Task directions
The task calls for the line containing "Among the most" and all later lines, through the end of the entries below, to be set down exactly and without pictures.

#####

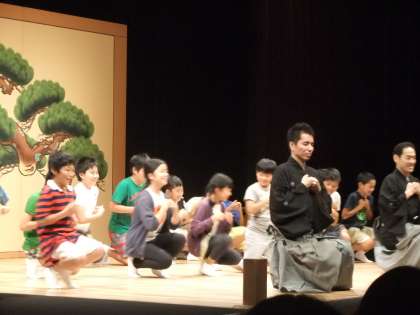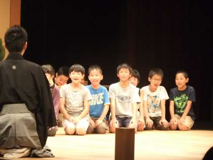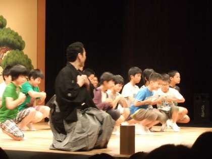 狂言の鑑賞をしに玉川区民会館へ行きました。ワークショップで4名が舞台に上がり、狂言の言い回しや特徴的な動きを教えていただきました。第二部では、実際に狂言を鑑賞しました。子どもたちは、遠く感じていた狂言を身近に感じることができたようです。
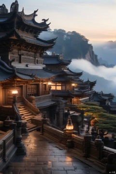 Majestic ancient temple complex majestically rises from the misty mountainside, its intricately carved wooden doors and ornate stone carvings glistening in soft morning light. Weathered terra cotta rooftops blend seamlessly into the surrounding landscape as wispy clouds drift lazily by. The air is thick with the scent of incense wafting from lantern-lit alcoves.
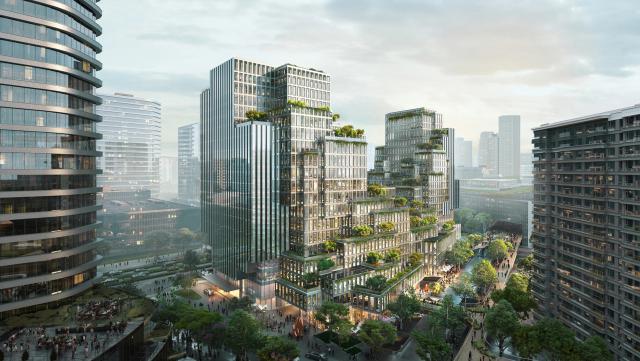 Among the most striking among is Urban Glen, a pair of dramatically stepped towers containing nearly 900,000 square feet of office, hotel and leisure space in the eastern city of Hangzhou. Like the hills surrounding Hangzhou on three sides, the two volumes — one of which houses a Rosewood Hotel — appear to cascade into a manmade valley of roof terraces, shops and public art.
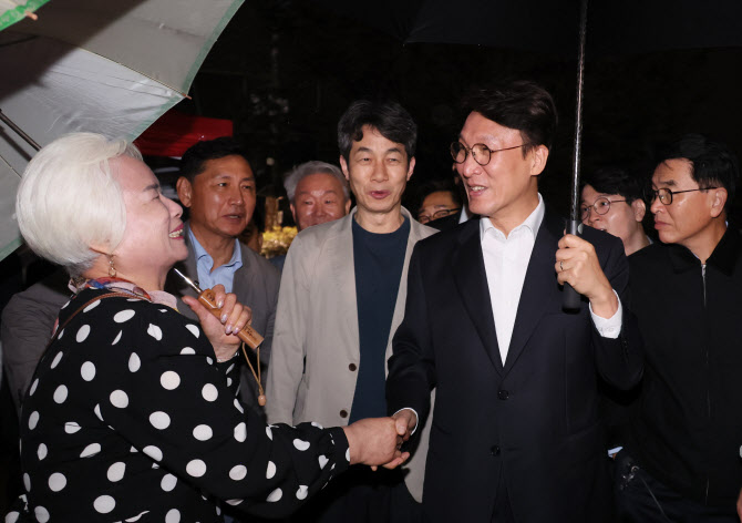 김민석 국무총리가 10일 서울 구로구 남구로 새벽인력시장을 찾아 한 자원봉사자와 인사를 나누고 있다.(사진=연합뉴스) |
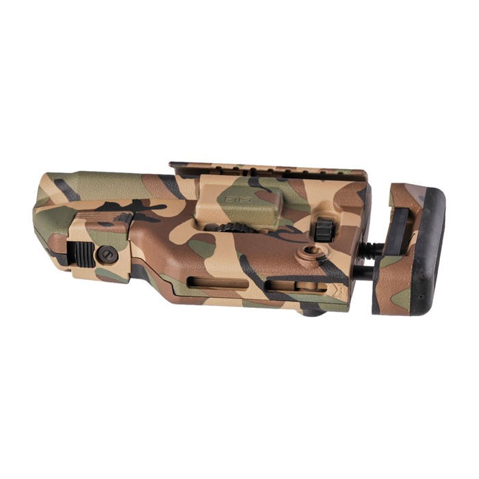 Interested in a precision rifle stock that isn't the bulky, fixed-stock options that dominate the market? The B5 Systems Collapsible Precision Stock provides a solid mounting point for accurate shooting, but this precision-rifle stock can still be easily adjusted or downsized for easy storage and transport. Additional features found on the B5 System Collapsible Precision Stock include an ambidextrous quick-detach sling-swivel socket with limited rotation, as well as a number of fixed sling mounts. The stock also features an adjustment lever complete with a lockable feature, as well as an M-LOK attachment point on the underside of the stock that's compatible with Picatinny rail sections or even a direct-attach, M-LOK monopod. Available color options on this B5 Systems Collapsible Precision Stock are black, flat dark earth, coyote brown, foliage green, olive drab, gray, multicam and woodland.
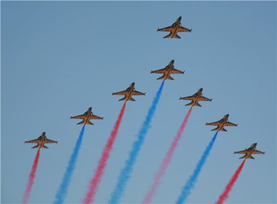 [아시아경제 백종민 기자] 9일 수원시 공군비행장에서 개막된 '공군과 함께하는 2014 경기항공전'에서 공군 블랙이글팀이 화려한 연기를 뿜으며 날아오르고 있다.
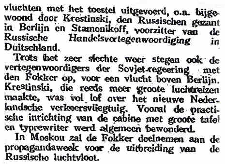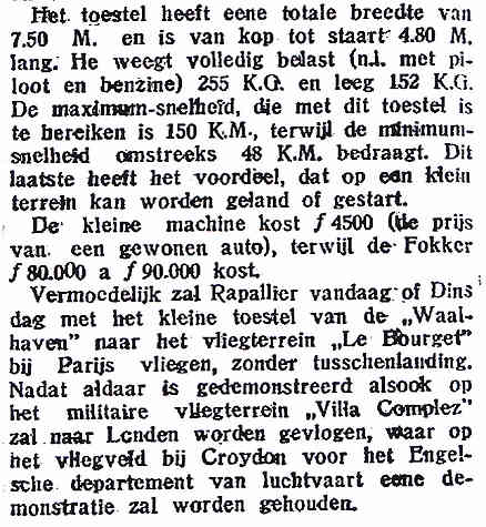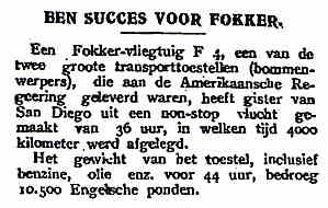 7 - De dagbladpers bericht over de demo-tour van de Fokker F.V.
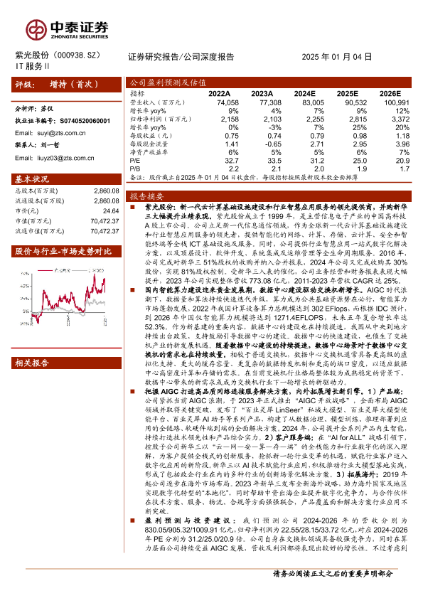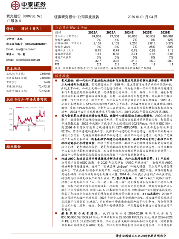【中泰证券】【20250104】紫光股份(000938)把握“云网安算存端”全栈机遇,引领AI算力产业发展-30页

#####

Solution to the problem
 Among the most striking among is Urban Glen, a pair of dramatically stepped towers containing nearly 900,000 square feet of office, hotel and leisure space in the eastern city of Hangzhou. Like the hills surrounding Hangzhou on three sides, the two volumes — one of which houses a Rosewood Hotel — appear to cascade into a manmade valley of roof terraces, shops and public art.
 김민석 국무총리가 10일 서울 구로구 남구로 새벽인력시장을 찾아 한 자원봉사자와 인사를 나누고 있다.(사진=연합뉴스) |
 Interested in a precision rifle stock that isn't the bulky, fixed-stock options that dominate the market? The B5 Systems Collapsible Precision Stock provides a solid mounting point for accurate shooting, but this precision-rifle stock can still be easily adjusted or downsized for easy storage and transport. Additional features found on the B5 System Collapsible Precision Stock include an ambidextrous quick-detach sling-swivel socket with limited rotation, as well as a number of fixed sling mounts. The stock also features an adjustment lever complete with a lockable feature, as well as an M-LOK attachment point on the underside of the stock that's compatible with Picatinny rail sections or even a direct-attach, M-LOK monopod. Available color options on this B5 Systems Collapsible Precision Stock are black, flat dark earth, coyote brown, foliage green, olive drab, gray, multicam and woodland.
 [아시아경제 백종민 기자] 9일 수원시 공군비행장에서 개막된 '공군과 함께하는 2014 경기항공전'에서 공군 블랙이글팀이 화려한 연기를 뿜으며 날아오르고 있다.
 7 - De dagbladpers bericht over de demo-tour van de Fokker F.V.
【中泰证券】【20250104】紫光股份(000938)把握“云网安算存端”全栈机遇,引领AI算力产业发展-30页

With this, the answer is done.